The skeletal remains of a medieval monk who suffered the same injury as the England winger is due to go on display in Barley Hall in York and shows how he was treated at the time, during either the 13th or 14th century.


Uncovered at the medieval Gilbertine Priory by York Archaeological Trust in the 1980s, experts said the monk could well have picked up the cruciate ligament injury the same way as Walcott — playing football.


Archaeological evidence suggests the monk’s twisted knee was 30 degrees out of alignment, and put an end to his footballing days. Pitting of the bone suggests he also suffered a severe infection and probably had a leaking wound.

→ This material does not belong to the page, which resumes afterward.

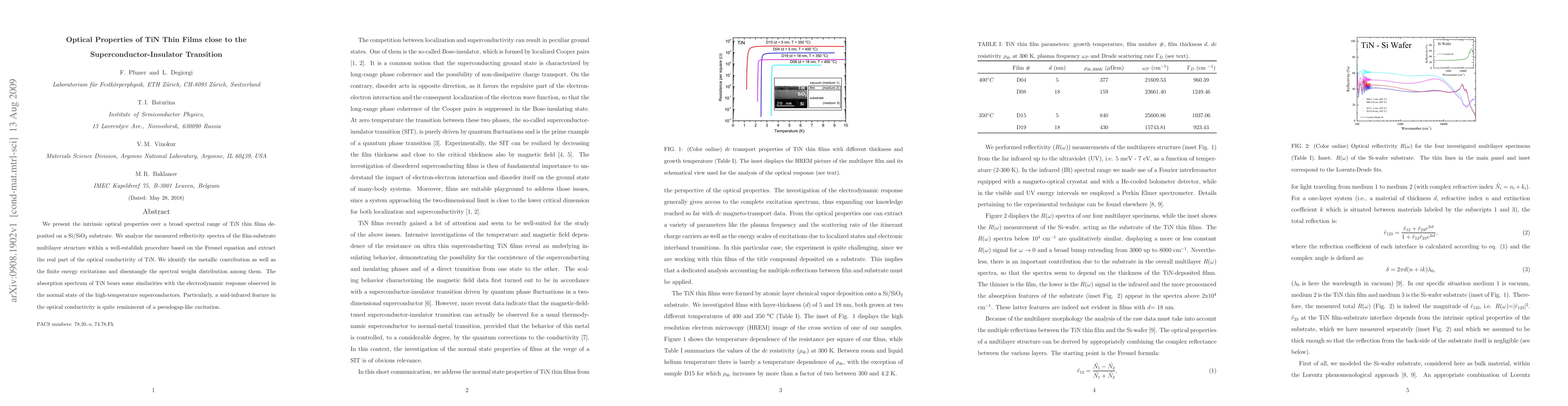 Researchers investigated the optical properties of TiN thin films near a superconductor-insulator transition, finding similarities with high-temperature superconductors' normal state response and a pseudogap-like excitation in their absorption spectrum.
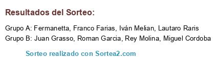 Lista de participantes: Lautaro Raris, Iván Melian, Fermanetta, Rey Molina, Miguel Cordoba, Roman Garcia, Juan Grasso, Franco Farias.

Sarah Maltby, director of attractions for the Jorvik Group – the visitor attraction division of York Archaeological Trust – said: “Whilst a modern day footballer might hope to return to the pitch following treatment and physiotherapy, sadly this injury almost certainly cut the monk’s soccer hobby short.”


The possibility he picked up the injury playing football is highly feasible, with references in literature to monks from the English order of Gilbertine playing the game.


To treat him, doctors at the time would have encased his knee with two copper plates with leather straps in order to immobilise the joint. The monk was lucky to receive this form of treatment, as it was often substituted by amputation during the medieval period.

Maltby said: “Analysis of the skeleton by osteoarchaeologists show that he walked with a crutch following the injury – his right shoulder was sticking up – and there are signs of chronic infection of the knee. His running days would have been over, although he was clearly still able to walk around to some degree.”

As well as the footballing monk, other items on display include a three lions lead weight and a 12th century whistle that was cut from the wing bone of a swan.